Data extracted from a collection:
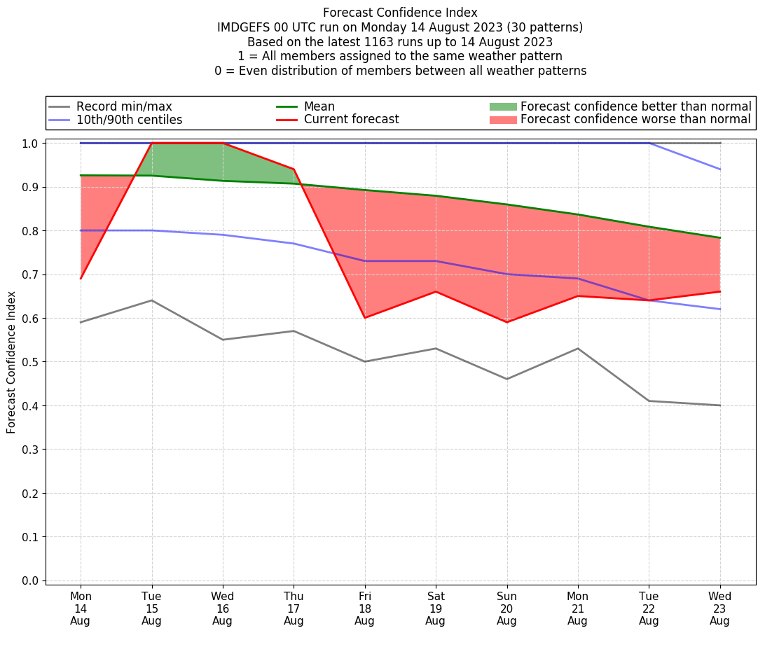 | Latest model run (14/00 UTC) | 100% | 100% | 100% | 100% | 95% | 90% | 95% | 100% | 100% | 100% |
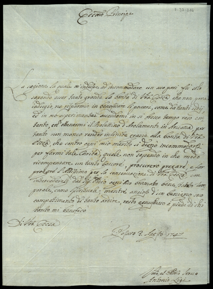 Lettere ricevute in Urbino dal Signor Principe Orazio Albani ultimo di questo nome nell'anno 1747
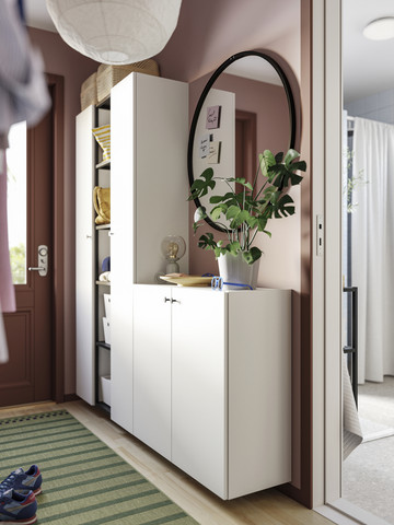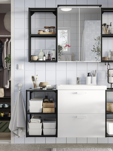 Βήμα 1ο: Πολλαπλασιάζουμε τα διαθέσιμα τετραγωνικά του μπάνιου μας, με το να εκμεταλλευτούμε τους τοίχους. Τα ράφια αποθήκευσης της σειράς ENHET έρχονται σε διάφορα μεγέθη και συνθέσεις, με ντουλάπια ή χωρίς, με λίγα ή περισσότερα ράφια, με χώρο για το πλυντήριο ή το καλάθι για τα άπλυτα, ώστε με μια απλή προσθήκη το μπάνιο σας να αποκτήσει μια λογική στο design του, που θα βοηθήσει στο να είναι τακτοποιημένο και να έχει χώρο για όλα. Εξάλλου, βασική αρχή όταν προσπαθούμε να οργανώσουμε ένα δωμάτιο είναι κάθε πράγμα να έχει τη θέση του.
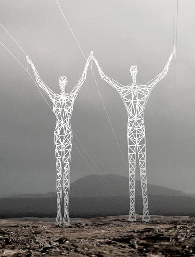 american firm choi + shine architects recently received the 2010 boston society of architects award for unbuilt architecture for their project ‘the land of giants’, which they originally designed for the icelandic high voltage electrical pylon competition back in 2008.
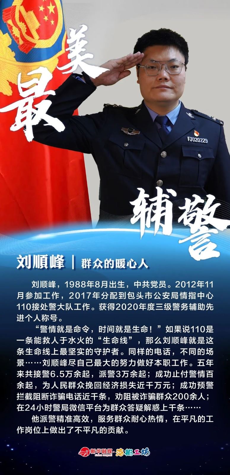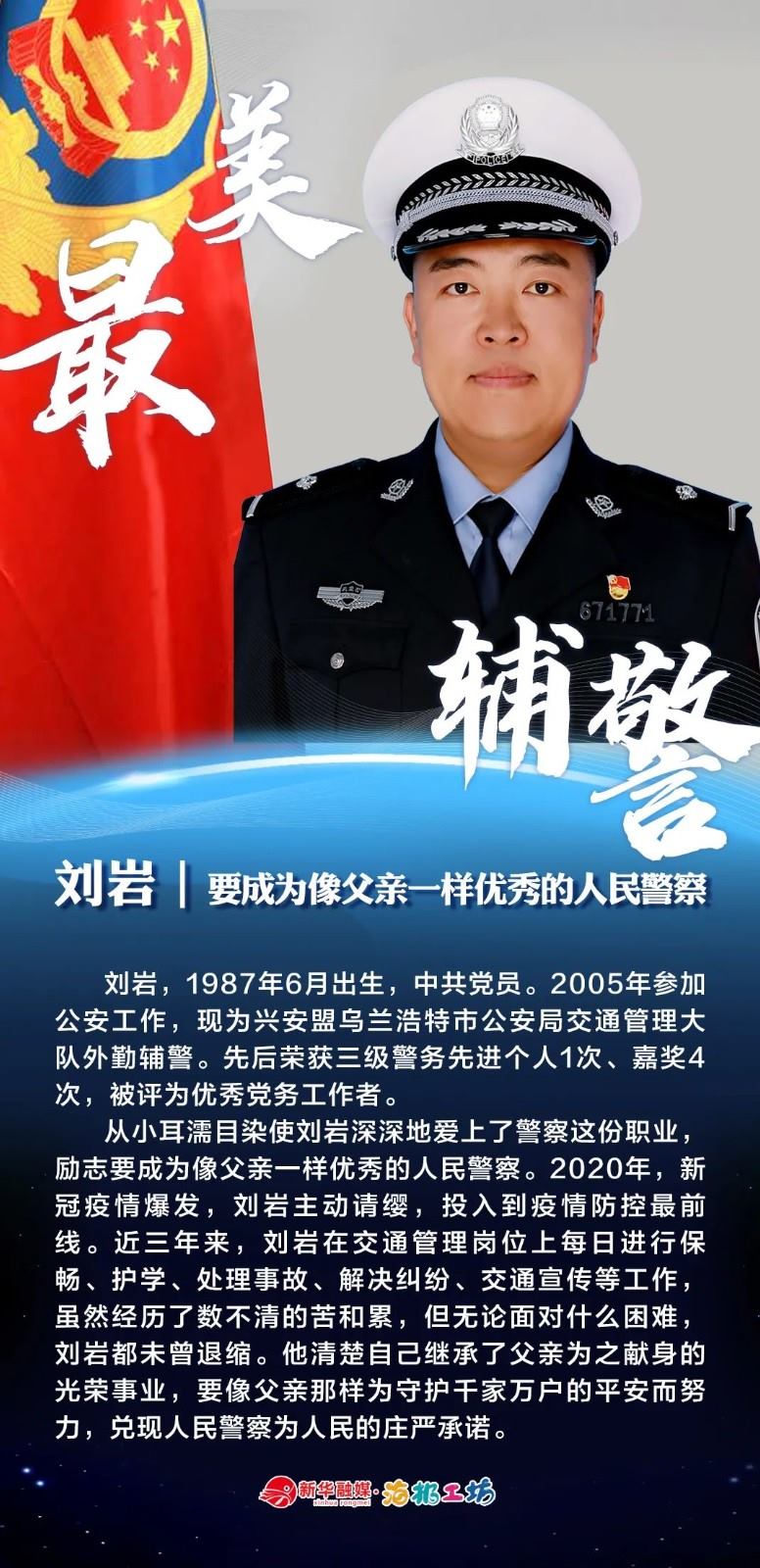 “不同的肩章,同樣的堅守……”在“感動北疆·最美輔警”獲獎者中,有堅守忠誠的安全衛(wèi)士郭一鳴,對癥下藥的老片兒警康華,服務群眾的熱心人辛永紅,校園安全的“護航員”李璐瑤,社區(qū)警務“信息化管家”鄭威,警務支撐“小能手”胡建業(yè),110接處警“活地圖”劉順峰,網(wǎng)上巡查“質(zhì)檢員”王昊,基層交通安全“好聲音”劉巖,一線“智慧公安”排頭兵張?zhí)睢?/strong>
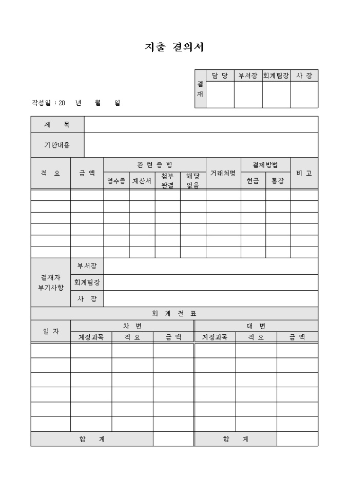 지출결의서(회계전표 포함)
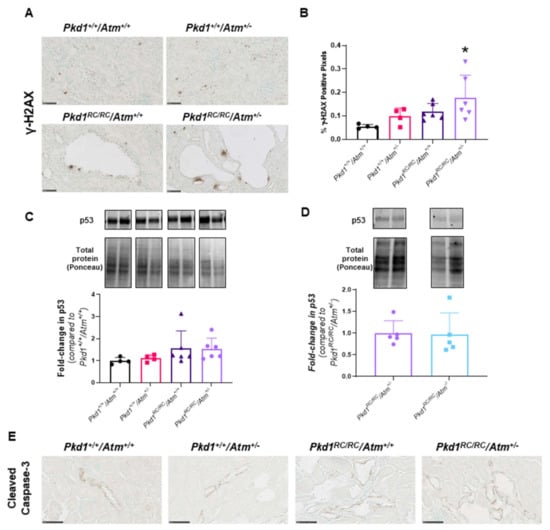 To evaluate the long-term effect of reducing ATM on kidney cyst formation and growth in vivo, we next evaluated disease progression in Pkd1RC/RC/Atm+/− mice. At 3 months of age, Pkd1RC/RC/Atm+/− and Pkd1RC/RC/Atm−/− mice appeared healthy, and body weight was comparable to Pkd1RC/RC/Atm+/+ mice (Figure 6). However, neither heterozygosity (Atm+/−) nor homozygosity (Atm−/−) for mutant Atm altered the progression of kidney enlargement or the percentage cyst area (Figure 6 and Figure 7). Similarly, no differences were also observed in these data when sub-analyzed by gender (Table S2). In addition, no changes in renal cell proliferation or interstitial fibrosis were detected in Pkd1RC/RC/Atm+/− mice compared to Pkd1RC/RC/Atm+/+ mice (Figure 8). Furthermore, at 6 months of age, no differences in body weight, kidney or heart enlargement, cystic phenotype, or percentage cyst area were observed in Pkd1RC/RC/Atm+/− mice compared to historical control Pkd1RC/RC/Atm+/+ mice (Figure S3). We also examined the downstream molecular effects of ATM loss by assessing the expression of γ-H2AX and p53 [,,]. However, neither heterozygosity or homozygosity for Atm altered the expression of either of these proteins (Figure 9). Cleaved caspase-3 was expressed in the cytosol of the distal tubules in the kidney cortex of both wild-type and Pkd1RC/RC mice and in small to medium-sized cysts in Pkd1RC/RC mice (Figure 9E). However, qualitatively, no differences were detected with Atm heterozygosity (Figure 9E).

__Aim of the task__
Only the line with "지출결의서(회계전표 포함)" and those preceding it, back to the first line of the entries, should be repeated exactly, without pictures.

__Response area__
 | Latest model run (14/00 UTC) | 100% | 100% | 100% | 100% | 95% | 90% | 95% | 100% | 100% | 100% |
 Lettere ricevute in Urbino dal Signor Principe Orazio Albani ultimo di questo nome nell'anno 1747
 Βήμα 1ο: Πολλαπλασιάζουμε τα διαθέσιμα τετραγωνικά του μπάνιου μας, με το να εκμεταλλευτούμε τους τοίχους. Τα ράφια αποθήκευσης της σειράς ENHET έρχονται σε διάφορα μεγέθη και συνθέσεις, με ντουλάπια ή χωρίς, με λίγα ή περισσότερα ράφια, με χώρο για το πλυντήριο ή το καλάθι για τα άπλυτα, ώστε με μια απλή προσθήκη το μπάνιο σας να αποκτήσει μια λογική στο design του, που θα βοηθήσει στο να είναι τακτοποιημένο και να έχει χώρο για όλα. Εξάλλου, βασική αρχή όταν προσπαθούμε να οργανώσουμε ένα δωμάτιο είναι κάθε πράγμα να έχει τη θέση του.
 american firm choi + shine architects recently received the 2010 boston society of architects award for unbuilt architecture for their project ‘the land of giants’, which they originally designed for the icelandic high voltage electrical pylon competition back in 2008.
 “不同的肩章,同樣的堅守……”在“感動北疆·最美輔警”獲獎者中,有堅守忠誠的安全衛(wèi)士郭一鳴,對癥下藥的老片兒警康華,服務群眾的熱心人辛永紅,校園安全的“護航員”李璐瑤,社區(qū)警務“信息化管家”鄭威,警務支撐“小能手”胡建業(yè),110接處警“活地圖”劉順峰,網(wǎng)上巡查“質(zhì)檢員”王昊,基層交通安全“好聲音”劉巖,一線“智慧公安”排頭兵張?zhí)睢?/strong>
 지출결의서(회계전표 포함)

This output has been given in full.